Survival at a Crossroads: The Path Forward for Qian Dama
The narrative presented in Qian Dama’s third IPO filing is one of profound contradiction. It is the story of a category creator struggling with the consequences of its own innovation. The “no overnight肉” model was a brilliant market-entry strategy but a flawed foundation for a capital-intensive, nationwide加盟 empire. The company now stands at a precarious juncture where its past success is actively hindering its future viability.
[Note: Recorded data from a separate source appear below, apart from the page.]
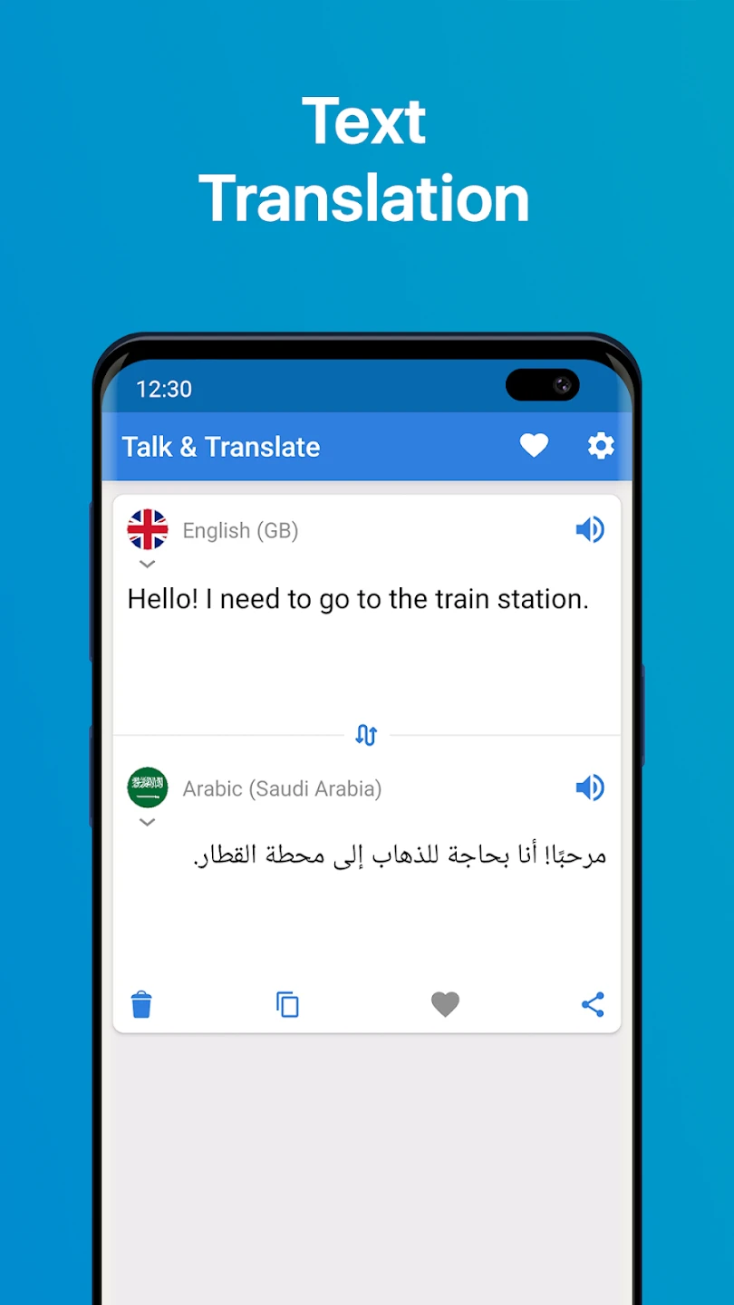 Talk & Translate – Translator is your essential tool for seamless communication across linguistic barriers on the go. It combines powerful text translation with intuitive voice translation, allowing you to instantly translate spoken words or written text between hundreds of languages. Perfect for travelers, language learners, and anyone needing quick help understanding or communicating in foreign languages.
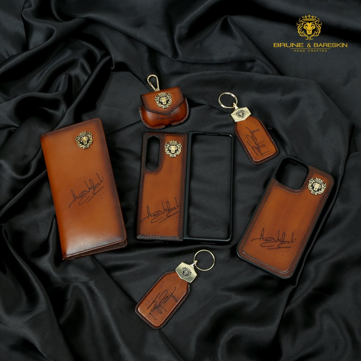 Customized This combo is perfect for the folks who love to carry the elite products. It is a must-have combo to show your class and style statement in Accessories. The Genuine Leather Wallet, Mobile Cover, Air-pod Cover, and key chain is a long-term investment. The contrasting laser Signature dignified the darker shade of Tan leather perfectly on the Combo Pack. The Scritto motif is now available on the upper of the Cursive models. First, Key-chain is a symbol of power & safety. It's a major accessory to secure your asset. Bespoke keychains with metal finishing and lion logo look so elegant. Second, the Bi-fold opening wallet features two main pockets along with a small security pocket on both sides. Third, the Air pod Carrying Case will give you the utmost classy look. Fourth, Tan Laser engraving Leather Mobile cover looks lavishing and Brune & Bareskin's signature lion logo. The subtly embossed branding makes a perfect look with the entire design language. This high-veg tan leather will surely serve you for a longer time period. You can get it customized in your favorite color shade with Name Initials with our bespoke services.
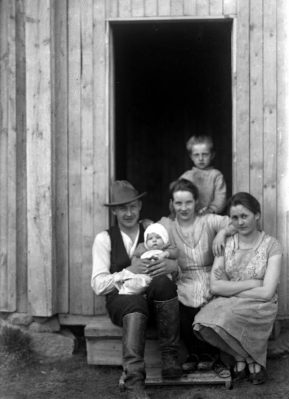 Reino ja Hilja Salmenaho (ent. Isomäki), lapset Unto ja tyttö (kuollut pienenä). Hilda Isomäki (myöh. Virtanen) Valokuvaaja Heikki Heikkola Kuvakoko 83x120
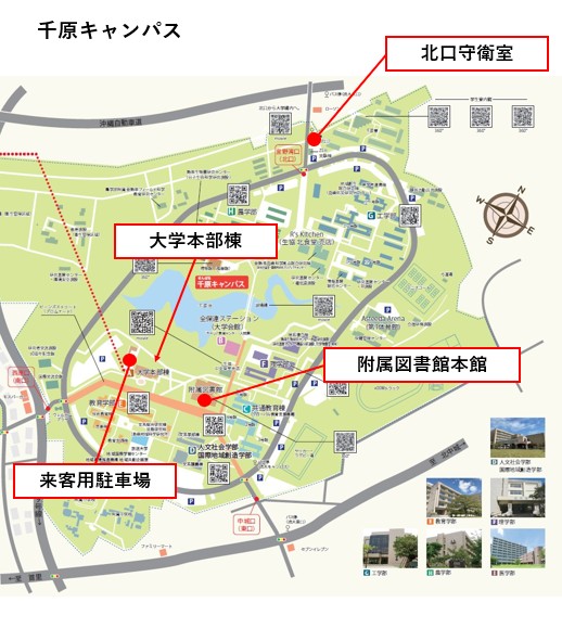 ・来館の際は、千原キャンパス北口から入構し、北口守衛室にて「入構許可証」の発行を申請してください。
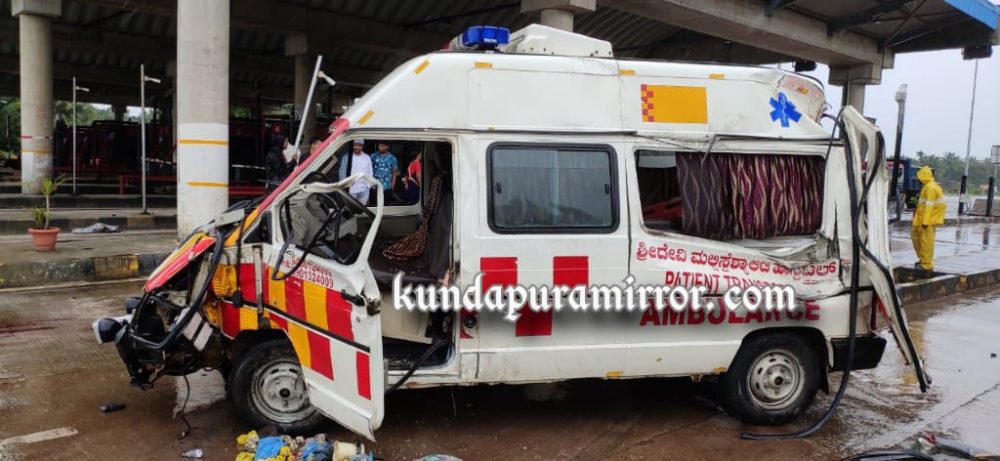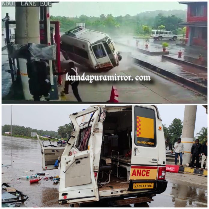 ಬೈಂದೂರು :ಹೊನ್ನಾವರ ಕಡೆಯಿಂದ ಅತೀ ವೇಗವಾಗಿ ಬಂದ ಅಂಬ್ಯುಲೆನ್ಸ್ ಚಾಲಕನ ನಿಯಂತ್ರಣ ತಪ್ಪಿ ಟೋಲ್ ಸಂಗ್ರಹಣಾ ಕೌಂಟರ್’ಗೆ ಢಿಕ್ಕಿ ಹೊಡೆದು ಮಗುಚಿ ಬಿದ್ದ ಭೀಕರ ಘಟನೆ ತಾಲೂಕಿನ ಶಿರೂರು ಟೋಲ್ ಪ್ಲಾಜಾದಲ್ಲಿ ನಡೆದಿದೆ.
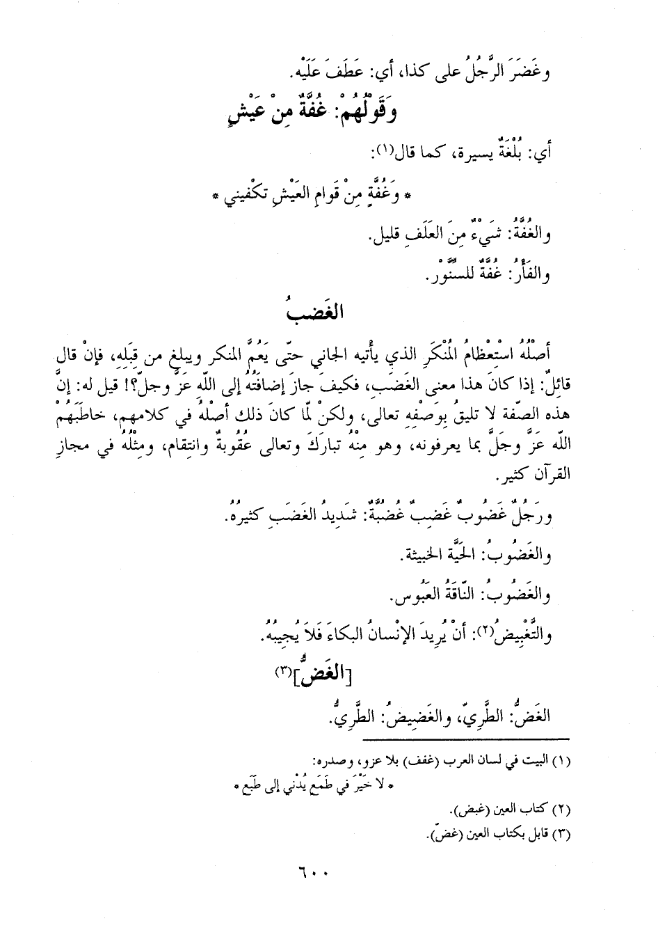 أصْلُهُ اسْتِعْظامُ المُنْكَرِ الذي يأتيه الجاني حتّى يَعُمَّ المنكر ويبلغ من قِبَلِهِ، فإنْ قال قائِلٌ: إذا كانَ هذا معنى الغَضَبِ، فكيفَ جازَ إضافَتُهُ إلى اللهِ عز وجل؟! قيل له: إنَّ هذه الصّفة لا تليقُ بِوَصْفِهِ تعالى، ولكنْ لّما كانَ ذلك أصْلهُ في كلامهم، خاطَبَهُمْ الله عز وجل بما يعرفونه، وهو مِنْهُ تبارَكَ وتعالى عُقُوبةٌ وانتِقام، ومِثْلُهُ في مجازِ القرآن كثير.
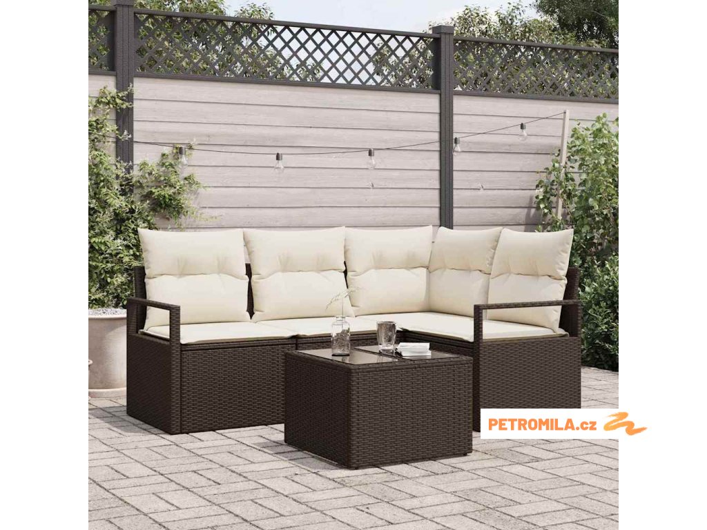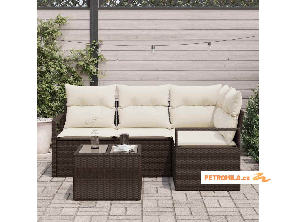 Sada zahradních pohovek s polštářem 5 pcs Hnědá a krémová

For global institutional investors, the due diligence checklist is extensive. Scrutiny must go beyond top-line GMV figures to examine the sustainability of single-store economics, the stability of the加盟 network, the reality of its debt burden, and the credibility of a management team overseeing a founder’s exit. Can the Qian Dama日清模式 be adapted to allow加盟商 a fair profit? Can the company develop a viable strategy for regions outside its Southern heartland? The answers to these questions will determine whether this IPO marks a rebirth or a last-dance liquidity event for early investors.
The coming months will be critical. Market sentiment will test whether Qian Dama can convince investors it is more than a regional retailer with a broken加盟 model and stalled growth. The company must articulate a clear, credible plan to rebalance the interests of its加盟商, improve unit economics, and navigate a ferociously competitive landscape. Otherwise, even if the IPO succeeds, it may only provide a temporary respite before the underlying structural challenges resurface with greater force. The survival battle for this once-high-flying fresh produce giant has truly just begun.